И вдруг как закричит: а-а-а-а! И глаза выпучил и на живот себе смотрит, а сам все кричит да кричит. А на животе у него вроде как сыпь, али будто кто его грязными ладошами обхлопал. А он кричит: «Болезнь! Болезнь!»
Матушка — ноги в валенки, платок на голову и в дверь: за Никитой Иванычем.
Отец:
— Сообщит! Сообщит! — И за подол ее хватает.
Это он что Никита Иваныч санитарам сообщит. Куда там! Вырвалась — и в метель.
Вваливаются с Никитой Иванычем. Тот:
— Ну что еще? Покажите. Ну что, ну нейродермит. Мышей меньше есть надо. Само отвалится. Не чешите.
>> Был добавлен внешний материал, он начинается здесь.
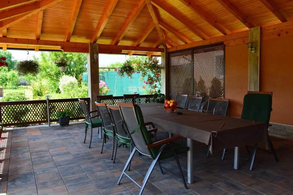 The villa is directly connected to the beautifully landscaped garden, rich with flowers and various types of fruit. Within the garden there is a large summer terrace under the roof of a size of 60 m2, equipped with kitchen, TV, wi-fi, water cooler, ceiling fan and two barbecue grills. Within the summer terrace there is an outdoor bath with a hamam. Also, the villa has its own parking, size of 250m2, with garage space.

И вправду, прошло. А старопечатную книгу отец все же нашел и сжег. Он не так заразы боялся, как санитаров, не к ночи будь помянуты.
Потому что они забирают и лечат, и люди после того лечения не возвращаются. Никто еще не вернулся.
И страшно об этом подумать. А по улице идешь, и вдруг посвист и гиканье: Красные Сани несутся, а в них шестерка перерожденцев запряжена. И вот ты как есть, тулуп ли на тебе, зипун ли, летом рубаха, — бросишься так-то в сторону, в сугроб али в придорожную грязь, голову руками закроешь, сожмешься: Господи, пронеси!.. Обереги!.. Вдавиться бы в землю, в глину уйти, слепым червырем стать, — только бы не меня! Не меня, не меня, не меня, не меня!..
А они все ближе, а топот все громче, — вот, накатило! Жар, и свист, и хрипло дышит шестерка, и комья грязи из-под полозьев… и пронеслись. Тишина. Только вдали затихает тупая дробь валенок.
Я не болен, я не болен, нет, нет, нет. Не надо, не надо санитарам приезжать, нет, нет, нет. Боже упаси, Боже упаси, нет, нет, нет.
Вот привязалась к Бенедикту Варвара Лукинишна. Она давно на него одним глазом-то посматривает. Вы, дескать, в Столовую Избу? и я с вами. И бахрома у нее на голове колышется. Идти дак пойдем. Палец послюнить, свечу погасить, — долго ли?
В Столовой Избе народищу!.. Бенедикт Варвару Лукинишну с мисками к прилавку подтолкнул, чтоб в хвост встала, а то еще народу набежит, — а сам кинулся к столам и два места оттер. И ложицы положил: тут мол, занято. И ногой перегородил, чтоб не совались. И локти пошире расставил. И лицом набычился: помогает.
Чужой разбежится место оттяпать, глянет Бенедикту в личико, и, если духом послабей, отстанет: ну еще, подумает, с таким рылом связываться, не приведи Господь; сяду в уголок, подальше… Так-то вот на всякое дело свое разумение есть.
Чад плывет. Миски пар дают, ложицы стучат, свечи потрескивают. Жарко. Повара вопят истошными голосами:
— Кто ржавь в палате курит, — выйди! Дышать же нечем!
Но никто, конечно, и не пошевелится.
Добралась Варвара Лукинишна с мисками. Почти не пролила, хоть и толкались знатно.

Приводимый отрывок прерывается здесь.